Thursday, February 10, 2011

First thoughts on One Flew Over the Cuckoo's Nest

I despair that I will not finish this before book club next week. However, I am enjoying it after having some trouble getting started. The voice of Bromden takes some getting used to. I think I reach the boundaries of my intellect (or of my Asperger's) when I try to interpret an author's meaning and choices. It's kind of thrilling in a solipsistic way to find a well-defined boundary to such a thing. Anyways, I can see the Ken Kesey is making a specific and conscious artistic choice to narrate the story through the eyes of a paranoid schizophrenic (?) although one review I read said it did a disservice to Chief Bromden to frame him in psychiatric trappings. What I can't figure is why he made this choice.

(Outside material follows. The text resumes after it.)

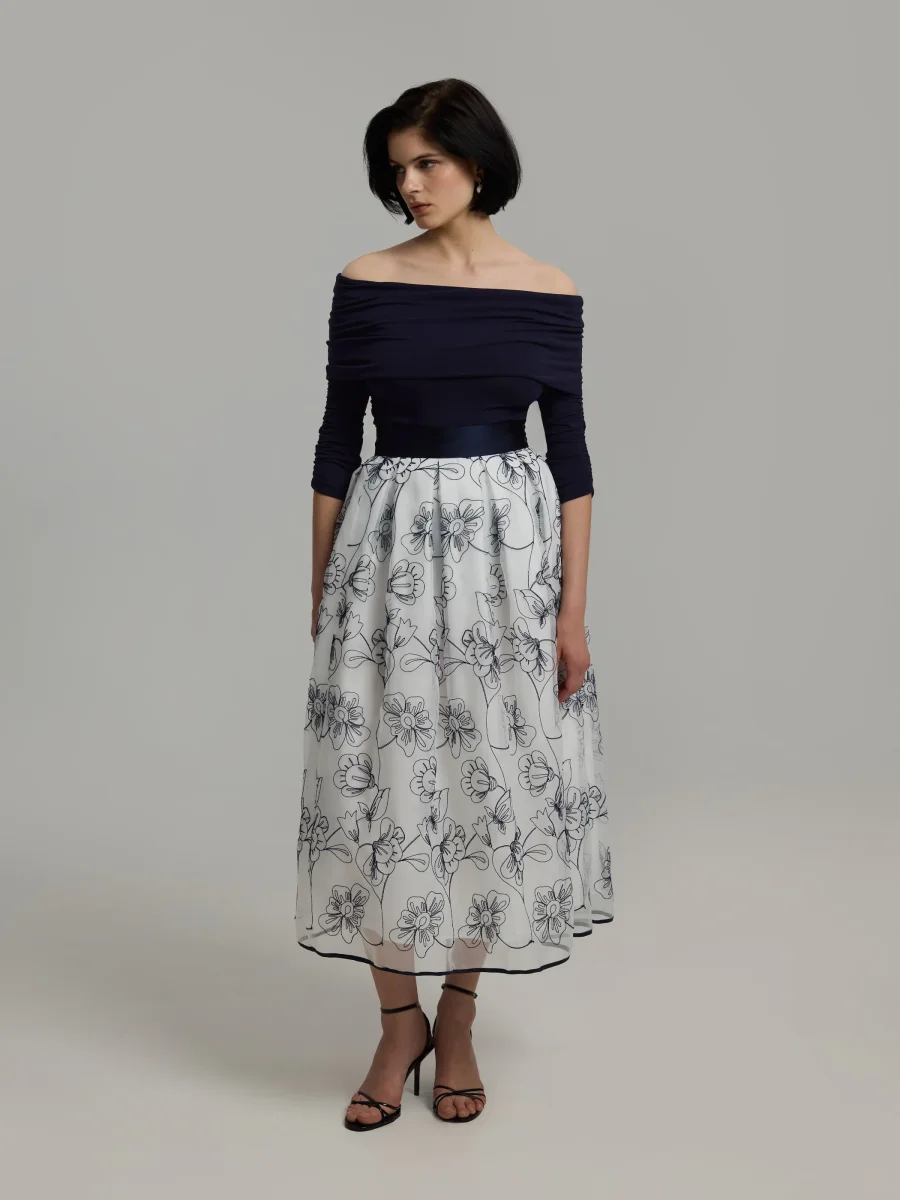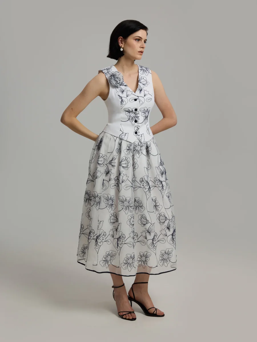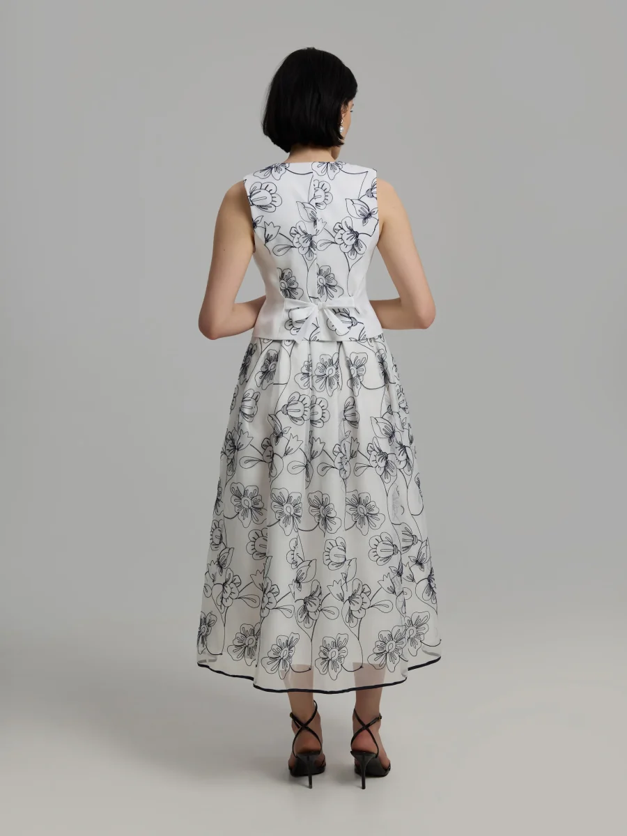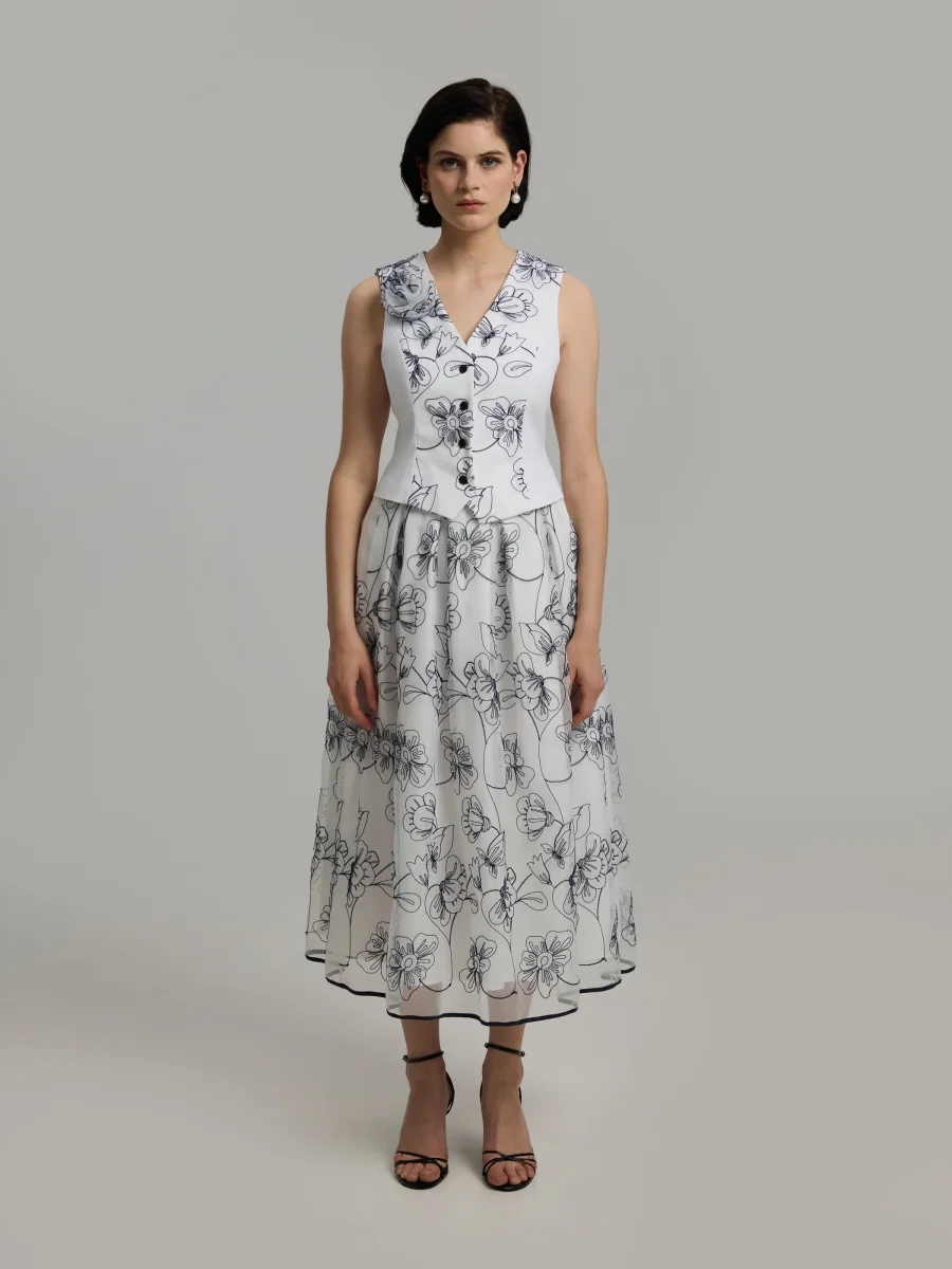 Ankellång kjol med djärva veck och voluminös fåll. Sidodragkedja och foder. Tillverkad i högkvalitativ italiensk organza. Svart foder i fållen. Styla med matchande Maiju-väst.

It's also impossible to read this without thinking about the movie. At any rate, I'm enjoying the very visual prose. The care Kesey takes to describe the calluses on McMurphy's palms or Bromden's visit to a cotton gin when he was a teenager. Kesey spends a lot of time actually describing hands I notice. It makes me think about the non-fiction writer Richard Preston. In his preface to Panic in Level 4, he says he always asks the person he is writing about if he can see their hands. For a doctor at USAMRID, he was able to visualize and empathize with her story about cutting her hands in the morning in her kitchen, going to work on a Level 4 autopsy, and cutting her glove with a dirty scalpel. She ran through decontamination fearing she had broken the skin and infected herself with an unspecified hemorrhagic fever. It turned out the blood in her internal glove was where her cut had reopened.

Preston said hands were a way he learned about the subject. Not that that's what Kesey is doing, it's just how I'm perceiving it.

I loved this line from McMurphy which is fine advice for life:

"You ever been kneed in the nuts in a brawl, buddy? Stops you cold, don't it? There's nothing worse. It makes you sick, it saps every bit of strength you got. If you're up against a guy who wants to win by making you weaker instead of making himself stronger, than watch for his knee, he's gonna go for your vitals."